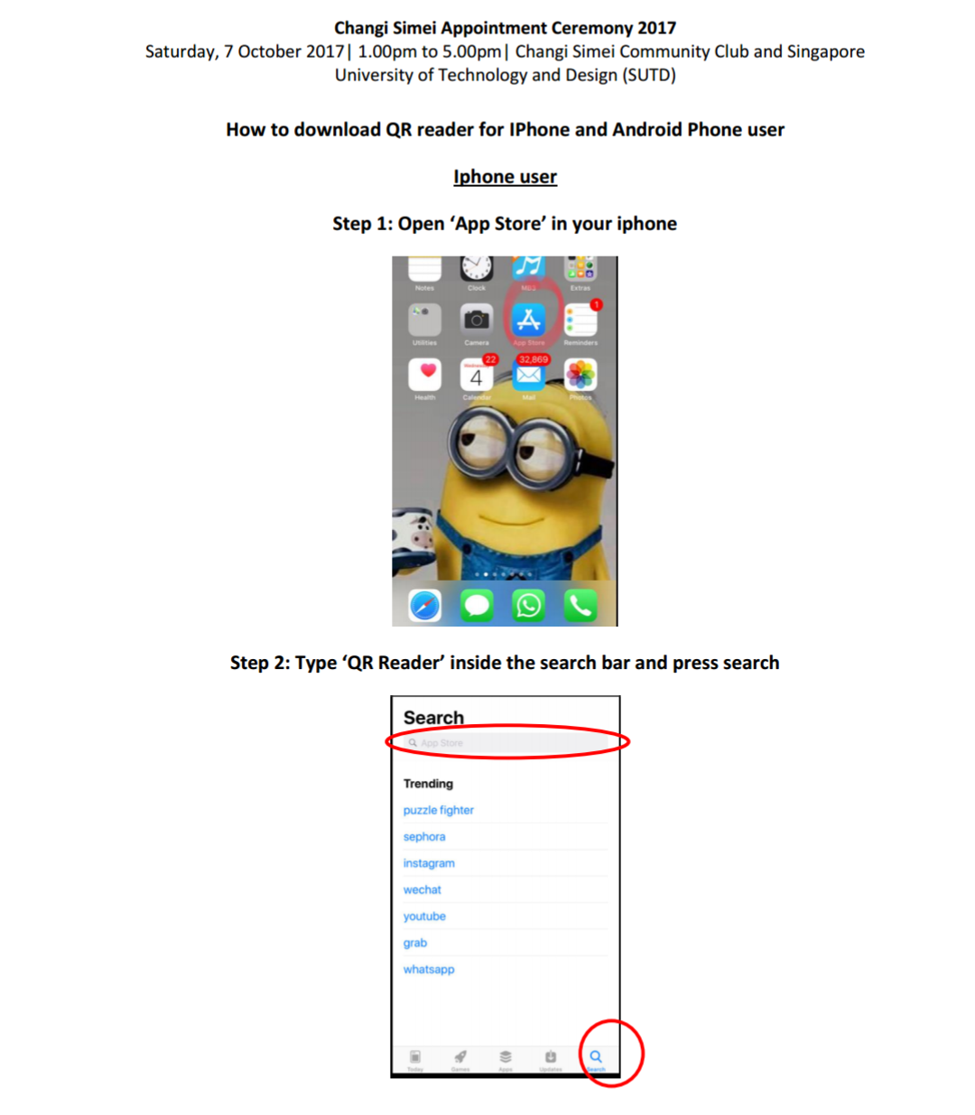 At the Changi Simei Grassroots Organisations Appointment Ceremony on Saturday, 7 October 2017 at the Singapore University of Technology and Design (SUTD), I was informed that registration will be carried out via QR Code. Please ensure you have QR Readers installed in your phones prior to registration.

• • • • •

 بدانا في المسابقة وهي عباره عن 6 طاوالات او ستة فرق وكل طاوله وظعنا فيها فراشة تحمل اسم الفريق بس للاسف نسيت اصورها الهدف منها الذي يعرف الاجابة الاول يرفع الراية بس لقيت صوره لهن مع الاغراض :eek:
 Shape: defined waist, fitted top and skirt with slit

• • • • •

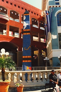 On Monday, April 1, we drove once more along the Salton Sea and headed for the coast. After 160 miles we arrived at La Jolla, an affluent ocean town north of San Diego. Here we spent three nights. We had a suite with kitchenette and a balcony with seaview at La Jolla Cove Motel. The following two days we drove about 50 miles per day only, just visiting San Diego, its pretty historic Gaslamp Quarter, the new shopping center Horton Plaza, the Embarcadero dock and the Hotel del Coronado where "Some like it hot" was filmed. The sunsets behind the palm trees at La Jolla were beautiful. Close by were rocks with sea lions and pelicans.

• • • • •

**Exercise aim**:
All lines above from the line with "بدانا في المسابقة" through the line with "Shape: defined waist, fitted", both included, are to be set down exactly, with nothing else.

**Response below**:
 بدانا في المسابقة وهي عباره عن 6 طاوالات او ستة فرق وكل طاوله وظعنا فيها فراشة تحمل اسم الفريق بس للاسف نسيت اصورها الهدف منها الذي يعرف الاجابة الاول يرفع الراية بس لقيت صوره لهن مع الاغراض :eek:
 Shape: defined waist, fitted top and skirt with slit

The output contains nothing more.